┌────────

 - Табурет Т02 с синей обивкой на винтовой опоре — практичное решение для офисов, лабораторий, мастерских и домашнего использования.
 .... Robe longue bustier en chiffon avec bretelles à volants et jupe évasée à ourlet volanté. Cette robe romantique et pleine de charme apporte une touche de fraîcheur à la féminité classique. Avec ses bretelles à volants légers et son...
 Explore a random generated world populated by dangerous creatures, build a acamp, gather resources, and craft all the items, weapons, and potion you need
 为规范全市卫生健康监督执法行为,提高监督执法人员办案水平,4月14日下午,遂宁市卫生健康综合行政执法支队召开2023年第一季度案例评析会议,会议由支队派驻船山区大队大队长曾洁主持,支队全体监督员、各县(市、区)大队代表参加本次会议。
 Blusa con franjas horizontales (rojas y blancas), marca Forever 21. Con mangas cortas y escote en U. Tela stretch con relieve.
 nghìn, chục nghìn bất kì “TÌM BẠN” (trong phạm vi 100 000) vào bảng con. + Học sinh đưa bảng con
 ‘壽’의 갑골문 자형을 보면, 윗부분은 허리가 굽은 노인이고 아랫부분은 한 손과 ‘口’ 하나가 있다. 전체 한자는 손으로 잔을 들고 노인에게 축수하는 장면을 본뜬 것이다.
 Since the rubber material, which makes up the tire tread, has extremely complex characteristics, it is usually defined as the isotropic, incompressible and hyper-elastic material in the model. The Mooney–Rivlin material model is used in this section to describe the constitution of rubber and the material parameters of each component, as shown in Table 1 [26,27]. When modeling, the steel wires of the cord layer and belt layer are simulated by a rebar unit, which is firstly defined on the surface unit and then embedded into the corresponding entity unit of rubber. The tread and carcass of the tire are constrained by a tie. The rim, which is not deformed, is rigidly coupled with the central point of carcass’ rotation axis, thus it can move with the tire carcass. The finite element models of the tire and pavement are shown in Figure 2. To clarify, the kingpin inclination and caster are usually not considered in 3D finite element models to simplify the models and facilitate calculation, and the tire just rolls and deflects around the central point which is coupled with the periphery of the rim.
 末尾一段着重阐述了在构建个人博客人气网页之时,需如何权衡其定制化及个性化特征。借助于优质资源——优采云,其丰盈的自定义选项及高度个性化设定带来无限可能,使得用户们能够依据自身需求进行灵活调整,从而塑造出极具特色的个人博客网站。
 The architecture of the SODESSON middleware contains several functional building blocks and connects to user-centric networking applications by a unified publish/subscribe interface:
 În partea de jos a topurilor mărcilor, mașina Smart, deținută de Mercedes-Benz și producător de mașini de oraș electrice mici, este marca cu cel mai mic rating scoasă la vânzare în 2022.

└────────

> What the task requires: Scan the entries above and copy each line where "marca" occurs.

> Response below:
 Blusa con franjas horizontales (rojas y blancas), marca Forever 21. Con mangas cortas y escote en U. Tela stretch con relieve.
 În partea de jos a topurilor mărcilor, mașina Smart, deținută de Mercedes-Benz și producător de mașini de oraș electrice mici, este marca cu cel mai mic rating scoasă la vânzare în 2022.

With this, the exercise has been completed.